> **Task brief**
Starting from the line with "Fx Prime Pro" and going up to and including the line with "Unsere personalisierte Emaille-Tasse", copy the listing below exactly. Leave all images out.

> **Data extracts**
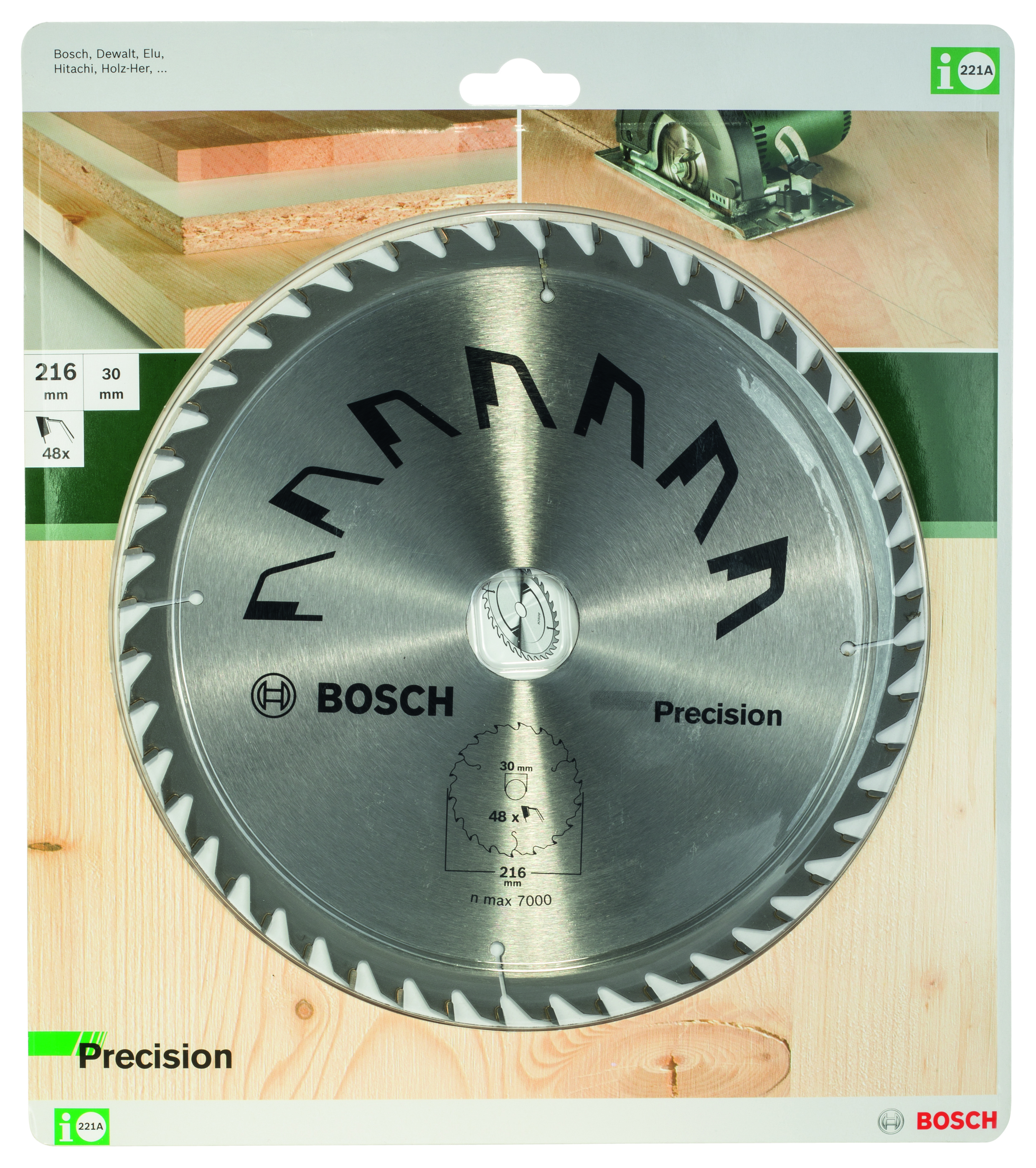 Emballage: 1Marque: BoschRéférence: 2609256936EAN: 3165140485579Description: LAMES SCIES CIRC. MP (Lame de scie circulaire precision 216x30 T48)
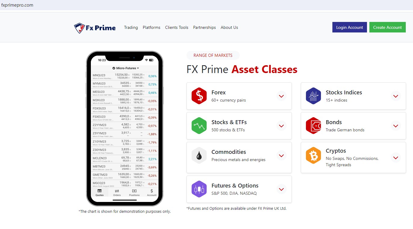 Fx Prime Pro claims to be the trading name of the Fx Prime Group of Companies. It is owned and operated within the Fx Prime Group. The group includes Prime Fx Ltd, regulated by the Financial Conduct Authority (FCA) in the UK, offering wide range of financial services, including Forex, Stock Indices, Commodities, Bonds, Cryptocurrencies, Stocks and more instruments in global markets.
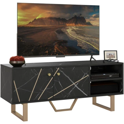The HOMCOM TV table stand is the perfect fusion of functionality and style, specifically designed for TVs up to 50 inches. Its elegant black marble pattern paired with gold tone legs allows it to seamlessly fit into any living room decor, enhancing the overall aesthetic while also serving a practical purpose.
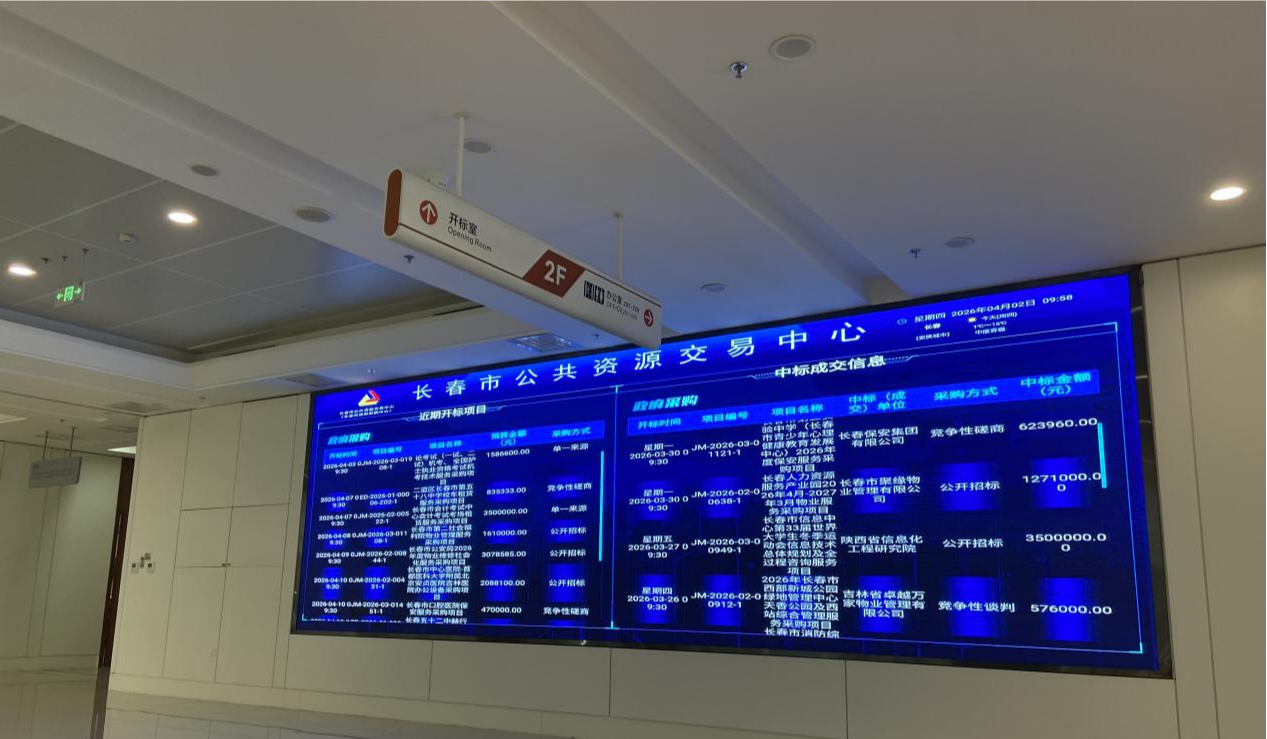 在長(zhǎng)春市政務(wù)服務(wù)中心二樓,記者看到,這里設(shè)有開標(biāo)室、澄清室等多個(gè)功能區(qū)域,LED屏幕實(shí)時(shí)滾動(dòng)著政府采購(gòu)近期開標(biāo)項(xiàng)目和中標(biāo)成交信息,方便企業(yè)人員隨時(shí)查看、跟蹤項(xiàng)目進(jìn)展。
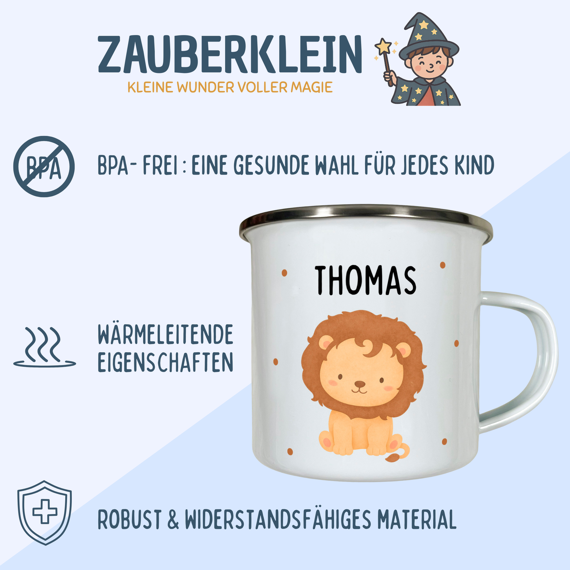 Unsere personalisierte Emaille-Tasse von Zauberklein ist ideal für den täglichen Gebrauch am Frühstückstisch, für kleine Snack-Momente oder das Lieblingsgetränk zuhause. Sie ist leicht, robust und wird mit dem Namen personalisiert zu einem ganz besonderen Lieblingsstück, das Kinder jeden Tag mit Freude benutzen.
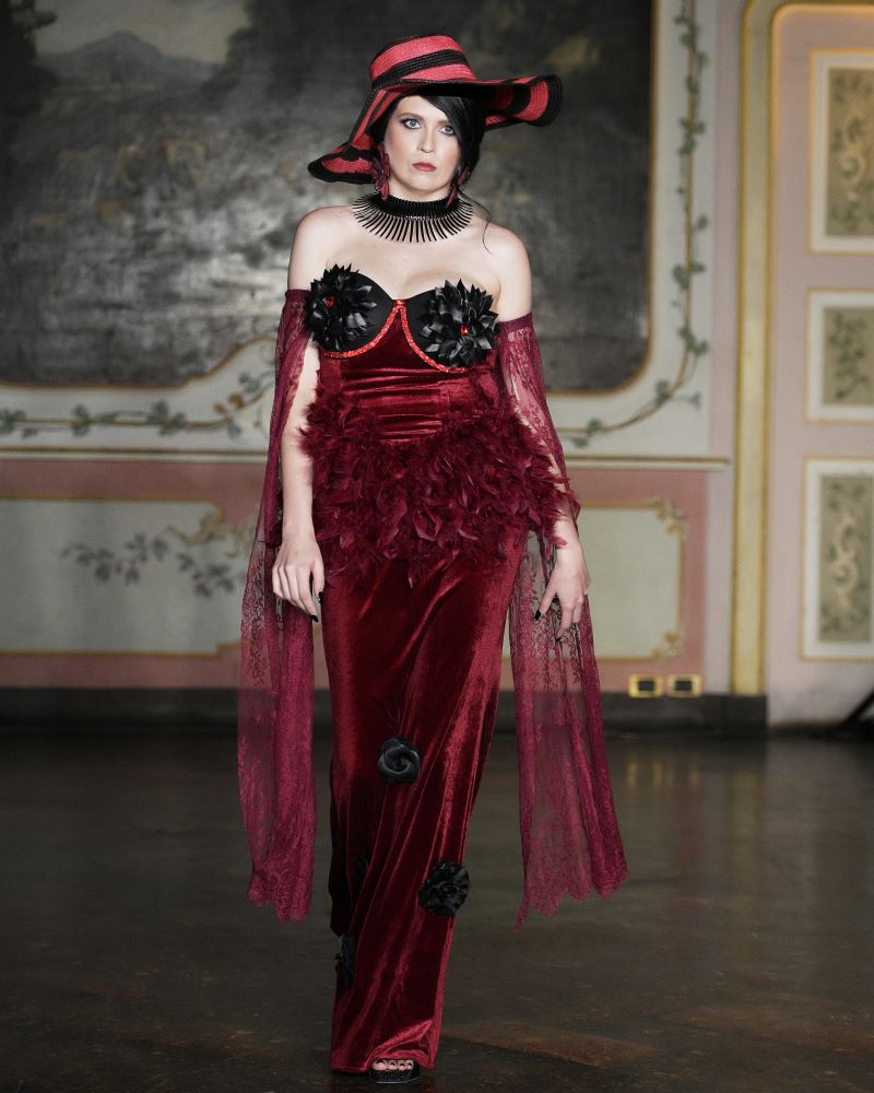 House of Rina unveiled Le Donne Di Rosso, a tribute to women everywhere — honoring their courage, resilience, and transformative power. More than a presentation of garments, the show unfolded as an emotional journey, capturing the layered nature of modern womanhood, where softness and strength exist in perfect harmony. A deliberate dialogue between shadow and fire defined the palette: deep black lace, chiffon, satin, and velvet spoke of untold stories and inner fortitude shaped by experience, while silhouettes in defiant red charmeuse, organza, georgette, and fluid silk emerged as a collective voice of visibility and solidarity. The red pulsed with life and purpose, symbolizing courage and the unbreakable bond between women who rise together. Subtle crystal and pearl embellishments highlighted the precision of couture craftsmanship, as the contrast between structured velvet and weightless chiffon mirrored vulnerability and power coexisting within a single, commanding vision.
---
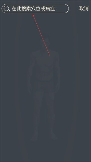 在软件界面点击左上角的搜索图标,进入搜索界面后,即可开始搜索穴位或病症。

> **Solution below**
 Fx Prime Pro claims to be the trading name of the Fx Prime Group of Companies. It is owned and operated within the Fx Prime Group. The group includes Prime Fx Ltd, regulated by the Financial Conduct Authority (FCA) in the UK, offering wide range of financial services, including Forex, Stock Indices, Commodities, Bonds, Cryptocurrencies, Stocks and more instruments in global markets.
The HOMCOM TV table stand is the perfect fusion of functionality and style, specifically designed for TVs up to 50 inches. Its elegant black marble pattern paired with gold tone legs allows it to seamlessly fit into any living room decor, enhancing the overall aesthetic while also serving a practical purpose.
 在長(zhǎng)春市政務(wù)服務(wù)中心二樓,記者看到,這里設(shè)有開標(biāo)室、澄清室等多個(gè)功能區(qū)域,LED屏幕實(shí)時(shí)滾動(dòng)著政府采購(gòu)近期開標(biāo)項(xiàng)目和中標(biāo)成交信息,方便企業(yè)人員隨時(shí)查看、跟蹤項(xiàng)目進(jìn)展。
 Unsere personalisierte Emaille-Tasse von Zauberklein ist ideal für den täglichen Gebrauch am Frühstückstisch, für kleine Snack-Momente oder das Lieblingsgetränk zuhause. Sie ist leicht, robust und wird mit dem Namen personalisiert zu einem ganz besonderen Lieblingsstück, das Kinder jeden Tag mit Freude benutzen.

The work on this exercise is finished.